The points made about undefined behavior are correct, but there is one additional wrinkle: printf may fail. It's doing file IO; there are any number of reasons it could fail, and it's impossible to eliminate them without knowing the complete program and the context in which it will be executed.

Thom Smith
+1 for the irony (or I've caught something it's not there?!:D)
ShinTakezou
A: 

The correct answer is that, from a formal point of view, the code is labelled as "undefined behaviour". This has nothing to do with logic or Superior Laws. Simply, the standard tries to define what can be done and what can't be, or what produces "good" code and what produces "bad" code, what it is guaranteed to work and what is not, and between standard and what actually happens there are people that have to interpret the standard, in order to write a compiler or in order to write reliable code or to judge someone else code.

So, from this point of view, there's nothing to be understood: the standard defines the code as "undefined behaviour" (of course, indirectly: your code it not present as example in the standard's papers!). You learn the standard, apply it blindly to analyse your code, and say if it is "good" or not. Formally and blindly often are two dangerous words, so let's take a look at your code of our own. Since after all, for languages that has one, it is the standard that defines the language, and not viceversa (even though common practice or implementation can trigger a modification of the standard), let's start from a code that is considered good.

int x=1;
printf("%d %d",x+1,x+1);

Compiler does not need to know anything about printf, even though extensions allow to say if a function is a "printf-like" function, to add extra checking... but these are compiler tricks to help programmers, not mandatory features. Moreover, printf is described in the standard (not the language part) too, and this is why I added the %d: the code of printf, using the stdargs variable argument feature (another stuff described by the standard), scans the first argument to use properly the others.

So, if the descriptor (%d) and the argument (x+1) does not match, we are doing something wrong. I don't know if the standard labels this "undefined behaviour". However we can be sure strange things may happen. (Compiler may check for it, but the feature is not mandatory, more likely it is an "extension" provided by many if not all compilers).

Now let's take a look at printf. In order to pick its arguments, it will use va_start, va_arg and va_end. Let's take into account only va_arg, which is a macro by the way. It is the way you can pick the next argument and cast it to the datum you expect. The cast is driven by the "%d", "%s" and so on, and the cast determines also the size of the argument, so that the macro can access the next.

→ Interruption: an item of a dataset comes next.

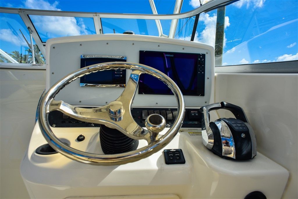 This 2006 Boston Whaler 305 Conquest is the ultimate fishing and cruising vessel. With a spacious layout and comfortable seating, this boat is perfect for entertaining guests or a day out on the water. She is powered by twin 300 horsepower Mercury Verado outboards, which were replaced in May 2016, providing plenty of power and speed. The boat also features a full galley, a head, and a large V-berth for overnight stays. Other notable features include a windlass anchor, and a hardtop with an enclosure. This 2006 model is in excellent condition and has been well-maintained. Keep in mind that the generator has been removed but this boat is still packed with all the amenities you need for a great day on the water. Don't miss out on this opportunity to own a Boston Whaler

Knowing this, you can easily imagine that if things do not match, odd things may happen.

Now, what if we call va_arg once more (with respect to the actual number of argument passed)? Of course, we go and pick a datum on the stack (or wherever) that do not "match" anything real or usable.

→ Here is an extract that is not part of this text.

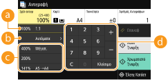 Μπορείτε να μεγεθύνετε ή να σμικρύνετε τα αντίγραφα χρησιμοποιώντας μια ειδική κλίμακα αντιγραφής ή ρυθμίζοντας μια προσαρμοσμένη κλίμακα αντιγραφής σε βήματα του 1%.

What does it happen if we pick one less? Nothing special! It is perfectly doable and "legal". Of course, it could be a clue about the fact that you're doing something wrong, but it could be also intentional (in general, in the printf particular case, it would be only odd)... Nonetheless, you can do it; again, compilers may treat printf and similar in a special way and check if each "%" has its matching argument(s) and warn if more (a dangerous case) or less (the no-harm case) arguments are passed.

So

int x=1;
printf("%d",x+1, x+1);

is still good.

Now let's talk briefly about side-effects. Considered as "atomic" expression, both x+1 have no side-effects. The x is unchanged. Someone in comments said that implementation could indeed modify x in memory. This is ok, if and only if the modification is reverted and all "atomically", i.e. the modification can't be seen outside the expression. If it could happen, even the perfectly legal code I've written so far could fail.

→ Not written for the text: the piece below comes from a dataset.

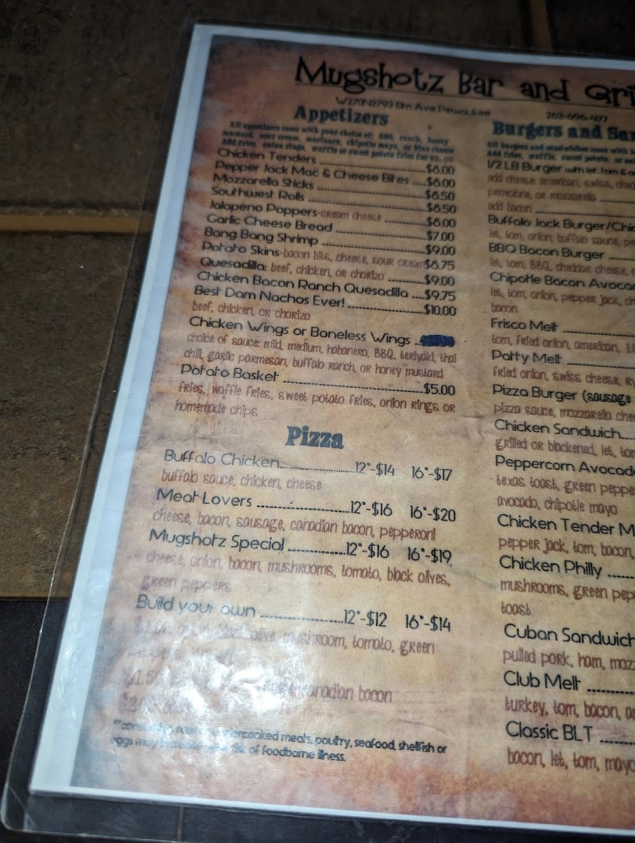 For pizza lovers, Mugshotz offers a range of options, from the spicy Buffalo Chicken Pizza to the loaded Meat Lovers Pizza. There’s something for everyone! Don’t miss their breakfast menu featuring the robust Hangover Skillet, designed to revive your spirits after a long night.

Now, let's modify the code to change it into the bad "undefined behaviour".

int x=1;
printf("%d",++x, x+1);

Why is this code "undefined behaviour"? It is so since standard says so. No special reason, but indeed the fact must be a consequence of something; currently the only reason I can see is the order of evaluation; no matter what other people says here, at least currently, since explanations are citing the standard "rule" and not the reason behind the rule (the parallel argument fits "Unspecified Behaviour" well so that the existance of that Undefined Behaviour is still unjustified - this is also why in this answer it will seem I am confusing Undefined with Unspeficied still)

Moreover in a lazy attempt to pick a fast definition for "sequence point", I landed on wikipedia, where the note 3 cite the same piece of the standard cited in another answer here, but with the observation that "Accessing the value of j inside f therefore invokes undefined behavior", and I interpret this so that printf("%d", inc_x(&x), x_plus_1(x)) is Undefined Behaviour too, and not only Unspecified behaviour, as said in that answer.

If the standard would dictate that expressions must be evaluated in order, "from left to right" in out example, we could be able to predict the passed arguments. In fact, first will be evaluated ++x, and the second arg pushed would be 2, and x would be now 2; then x+1 would be evaluated as 2+1, i.e. 3, and the third argument would be 3.

Given an order of evaluation, we can predict the real values of the arguments.

It is worth noting that many languages do not allow assignments into expression (++x could be read as x = x + 1). If we would be forced to write x++; printf("%d %d", x, x+1) there wouldn't be problems...

Anyway... If the order of evaluation is not forced upon implementation, each implementation can pick up one; even the same implementation, according to optimizations or for whatever reasons, could use different order of evaluation in the same code.

So we have two possibilities, as already written by another user: (2, 2) (first x+1, then ++x), or (2, 3) (first ++x, then x+1). Other options are not possible since they would break even "legal" code.

But your printf ignores (and vararg functions can do it legally) the third value, so it happens that the output is predictable and it is always 2.

Are there any reason why one could say that indeed "special" implementation could output a value different from 2? Theoretically could an evil programmer write a compiler that purposely gives "random outputs" when an UB, as defined by the standard, is met?

The short answer is no, since doing so the compiler could break its ability to compile correctly some "legal" code (it suffices the existance of one of such a code); demonstrating it formally would be long - and I am not sure I am able to. But it is not important.

What I think it shouldn't be forgotten, is the fact that behind UBs or whatever, there are reasons that should sound "logical" within the "system". Saying a priori that a complex expression like printf("%d", ++x, x+1) must be UB, is illogical. It must instead be a consequence of a "relaxed condition", or of a basic "axiom" we can "backtrack".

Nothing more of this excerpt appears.